In the First Reading St Peter, once recovered from his doubts and denials, has rallied to Easter faith. He speaks powerfully of the initial and fundamental message of Christianity. We call this message the “Kerygma.” St Peter says to the people, “You killed him, but God raised him to life…God raised this man Jesus to life, and all of us are witnesses to that…what you see and hear is the outpouring of that Spirit.”

I am sure that this is exactly what Jesus is saying in different words to these disillusioned Disciples. It affects a 180 degree turn in their attitude. They move towards repentance and find room for something unexpected and for the greatest surprise of their life to happen. This is called in biblical language, “Metanoia.” It is a return to the Lord with all their hearts in deep repentance and faith.

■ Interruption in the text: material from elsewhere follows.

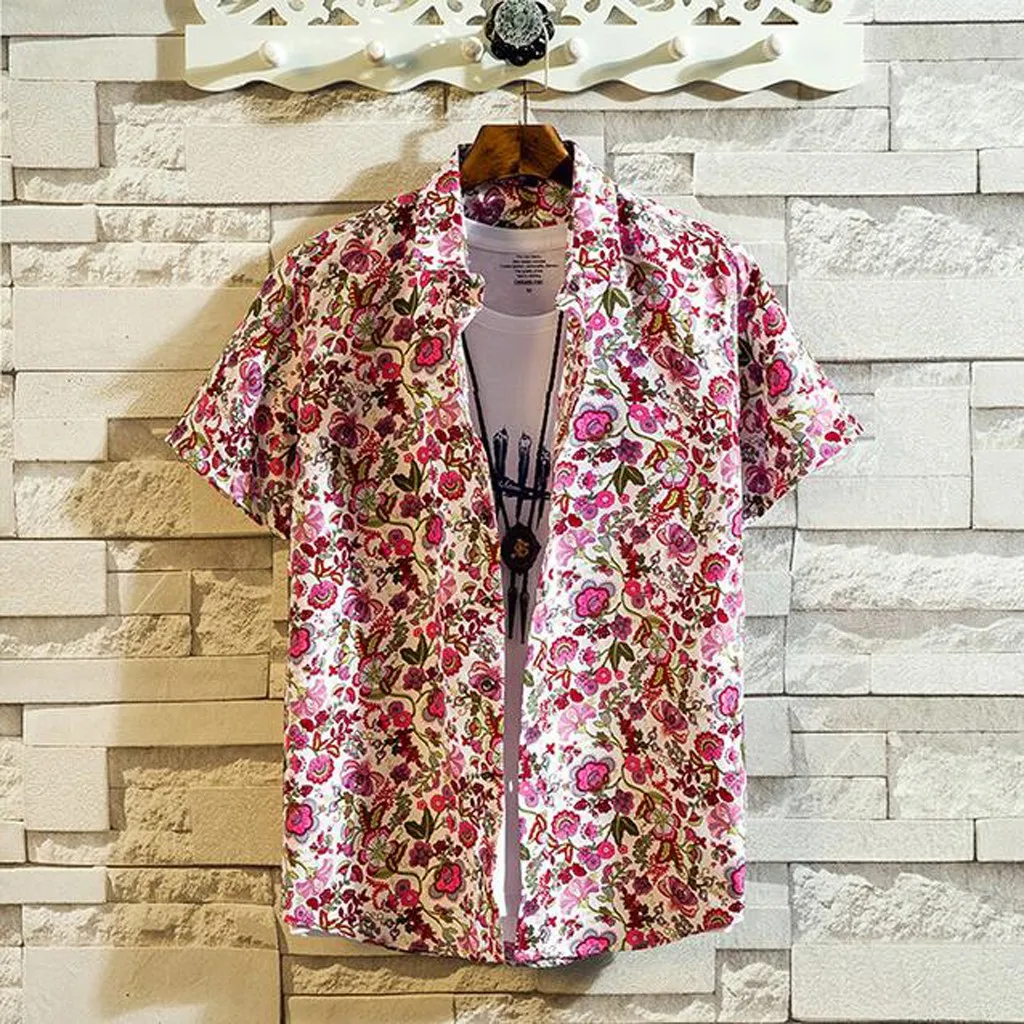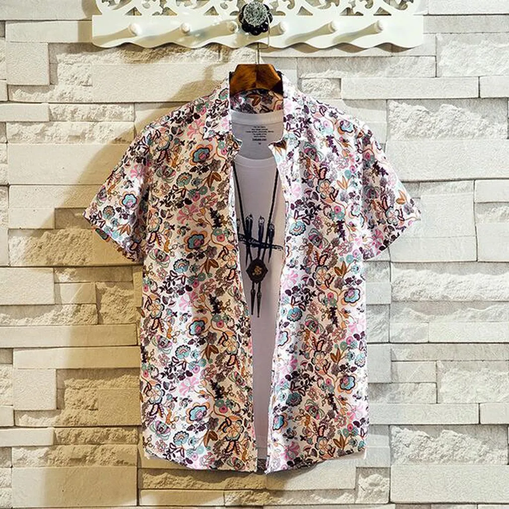 Мужская Повседневная рубашка с коротким рукавом с принтом Гавайи
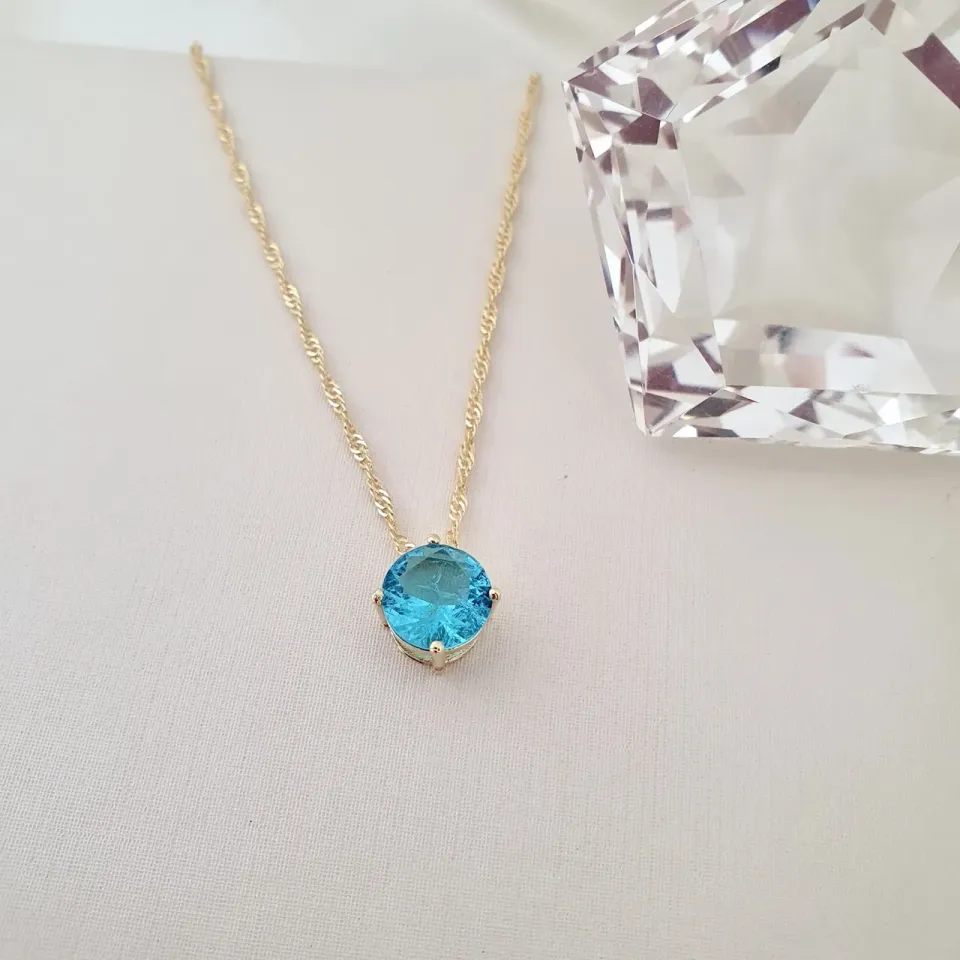 Colar com pingente de zircônia azul fusion

They now move into the equivalent of the Emmaus pub. The key words here are very significant. The Risen Lord “took…blessed…broke…and handed it to them.” This he does to the bread. In other words, he is celebrating Mass with them! The Mass is the meeting point for all of us with the Risen Lord. We haven’t made up the Mass. It is a gift from the Risen Lord to all of us for all time. Absenting ourselves from the Mass. is missing out on what Jesus wants to give us. We understand that because of the Pandemic we are all missing out on physically coming to the Church but we are trying our very best through spiritual communion.

Dear friends, let us get caught up in this scene and see it as something present for our lives right now and not just something in the Bible 2,000 years ago.

So here we are everybody. We are at the Emmaus pub for a counter tea! There are only two items on the menu. The first one is the “couch potato.” The second item is the “Emmaus backflip.” Let’s all choose item number two, the “Emmaus backflip” and return to the Lord with all our hearts. Here waiting for us is only Jesus, always Jesus, forever Jesus. Amen!